In January 2014, a three-foot meteor screamed through our atmosphere at the blistering speed of 134,200 mph and crash-landed somewhere in Papua New Guinea. Since then, the event has acquired mythic proportions, especially after American military officials confirmed that it almost certainly came from outside our solar system.

Avi Loeb, one of the most prominent alien hunters in recent years and a Harvard University astrophysicist, has been intent on proving that the Papua New Guinea meteor — technically called CNEOS 2014-01-08 — might actually be an alien spacecraft, so he recently organized an expedition to comb the ocean floor in the vicinity of the meteor's sighting for evidence.

So far, he's found tiny balls of glassed rock and metal, which some have dismissed as industrial waste. Undeterred by naysayers and flush with cash from an interested public, he told The Guardian in a new article that he's headed back again to Papua New Guinea in the spring to hopefully find bigger fragments of what he still thinks could have come from an alien probe.

"Then you can easily tell if it’s a rock or a technological gadget base," he told the newspaper in a wide-ranging interview. Presumably joking, he added that, "of course, if it’s a gadget, it would have screws, it would have perhaps buttons on it."

There's been an incredible amount of interest around Loeb's work, which attracted a Netflix crew who tagged along on an expedition he spearheaded earlier this year to Papua New Guinea, according to The Guardian.

And it's not just Loeb getting headlines on the search for extraterrestrial life. The year 2023 has been a bonanza for the alien crowd, with congressional hearings and a push to declassify documents about unidentified flying objects (another interest of Loeb, who's been working on a UFO-spotting system).

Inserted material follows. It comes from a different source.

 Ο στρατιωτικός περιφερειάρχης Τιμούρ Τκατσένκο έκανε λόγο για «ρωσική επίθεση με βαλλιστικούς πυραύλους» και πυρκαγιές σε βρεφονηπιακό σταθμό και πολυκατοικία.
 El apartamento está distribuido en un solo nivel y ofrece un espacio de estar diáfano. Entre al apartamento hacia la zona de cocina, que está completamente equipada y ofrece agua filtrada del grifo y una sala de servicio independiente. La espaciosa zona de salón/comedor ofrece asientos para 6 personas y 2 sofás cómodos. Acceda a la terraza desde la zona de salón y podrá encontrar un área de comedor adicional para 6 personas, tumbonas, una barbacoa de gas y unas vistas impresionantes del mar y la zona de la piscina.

Loeb is one of the most prominent academics riding — or perhaps sometimes pushing — this wave of alien fandom, complete with his Harvard bonafides and his long track record of publishing more traditional scientific research. His distinguished curriculum vitae lends an air of imprimatur to what some think is a quixotic quest.

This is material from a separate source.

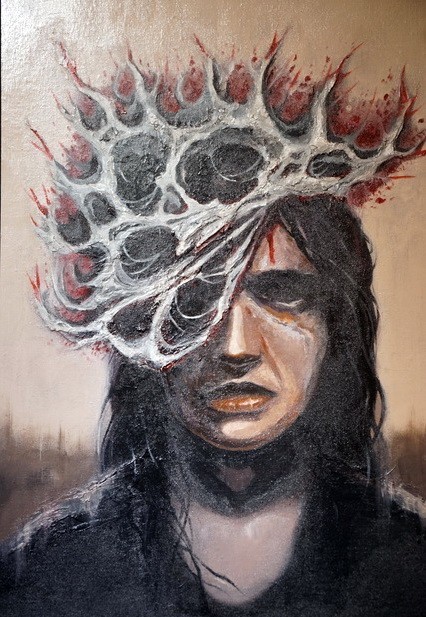 Что касается автопортрета в названии выставки, то каждый видит его по-своему. Например, Татьяна Козинец представила альтер эго в картине под названием «У медали две стороны».

He has sometimes alienated more sober-minded colleagues with his search for non-terrestrial lifeforms or their tech, as well as with his penchant for spreading the word on his findings beyond the confines of peer-reviewed papers. These have taken the form of blogs, a Times Square advertisement, a best selling book, and a one-man show, according to The Guardian. And of course the Netflix crew that filmed him in Papua New Guinea.

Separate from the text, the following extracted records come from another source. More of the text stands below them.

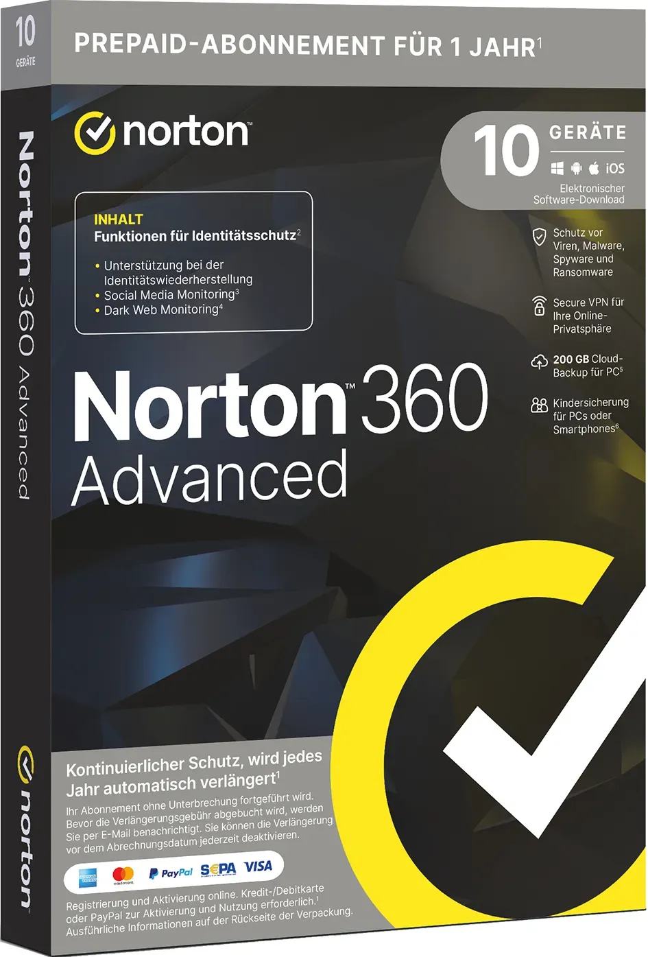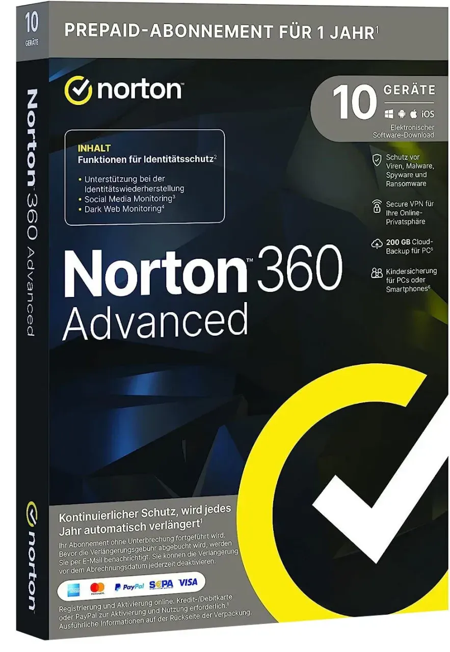 Marken und Modelle: Norton ist eine der bekanntesten und etabliertesten Marken im Bereich Antivirus-Software, mit einer langen Historie und hoher Erkennungsrate bei Malware[1][4][5]. Innerhalb der Norton 360 Produktlinie gibt es verschiedene Pakete: | Produktname | Geräteanzahl | Preis (ca.) | Besonderheiten | |----------------------|--------------|----------------------|---------------------------------------| | Norton Antivirus Plus | 1 Gerät | ca. 19,99 €/Jahr | Basis-Schutz, kein VPN, 2 GB Cloud | | Norton 360 Standard | 1 Gerät | ca. 39,99 €/Jahr | VPN, Webcam-Schutz, Dark Web Monitoring | | Norton 360 Deluxe | 5 Geräte | ca. 49,99 €/Jahr | Kindersicherung, 50 GB Cloud | | Norton 360 Advanced | 10 Geräte | ca. 44,99 € (erstes Jahr), danach ca. 109,99 €/Jahr | Umfassendster Schutz, VPN, Dark Web Monitoring, SafeCam, Kindersicherung, Cloud-Backup | | Norton 360 für Gamer | 3 Geräte | ca. 49,99 €/Jahr | Spiele-Booster, optimiert für Gaming | Der Preisbereich für Norton 360 Advanced liegt bei etwa 45 € im ersten Jahr (Neukundenangebot), danach etwa 110 bis 135 € pro Jahr je nach Laufzeit und Angebot[1][3][4]. Das ist höher als bei den kleineren Paketen, bietet aber auch deutlich mehr Geräteabdeckung und Funktionen. Empfehlung: Wenn Sie mehrere Geräte (bis zu 10) schützen wollen und Wert auf umfassende Funktionen wie VPN, Dark Web Monitoring und Kindersicherung legen, ist Norton 360 Advanced eine sehr gute Wahl. Für weniger Geräte oder geringeren Funktionsumfang sind die günstigeren Pakete (Standard oder Deluxe) preislich attraktiver[1][4]. Zusammenfassend sollten Sie beim Kauf von Norton 360 Advanced auf folgende Punkte achten:
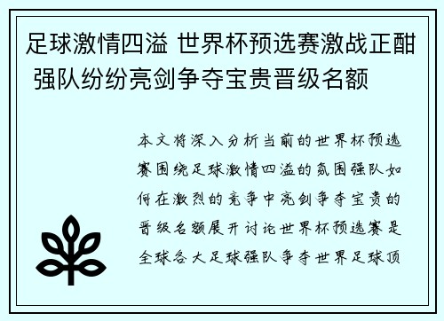 本文将深入分析当前的世界杯预选赛,围绕足球激情四溢的氛围,强队如何在激烈的竞争中亮剑、争夺宝贵的晋级名额展开讨论。世界杯预选赛是全球各大足球强队争夺世界足球顶级赛事席位的重要战场,比赛紧张激烈,每场比...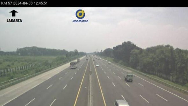 Pantauan detikcom lewat aplikasi Travoy, Senin (8/4/2024), sekitar pukul 12.58 WIB, terlihat ruas jalan Tol Jakarta-Cikampek lancar di Km 58. Kondisi lalu lintas yang lancar ini juga telah terlihat sejak Km 57.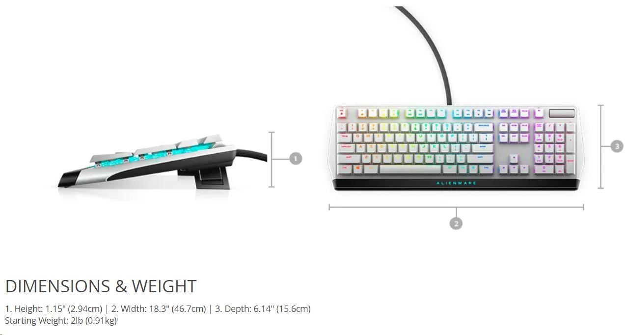 DELL Alienware 510K Low-profile RGB Mechanical Gaming Keyboard - AW510K (Lunar Light)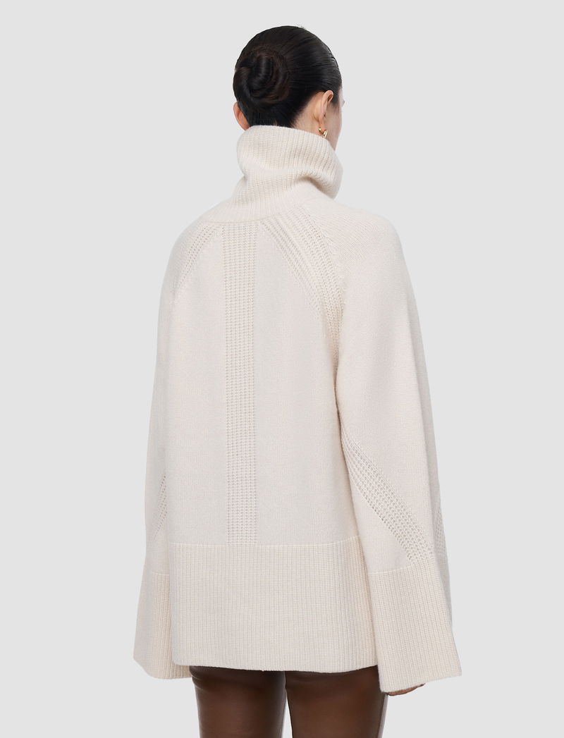 This knit features fisherman's rib detailing and slits at the cuffs and hem for an effortless, ultra-cosy look.

What has Loeb convinced that the meteor in Papua New Guinea could be of alien origin? He told The Guardian that the meteor "did not burn up high above the Earth" is a sign that it could be made of "artificial" material.

"This object was faster than 95 percent of the stars near the Sun, relative to what is called the local standard," he said in the interview. "That’s what led me originally to suspect maybe it’s a spacecraft. It was able to maintain its integrity to very high stress. And so, we said it must be tougher than even iron meteorites."

Whatever Loeb finds in his next trip, it'll surely grab headlines — and we'll be watching.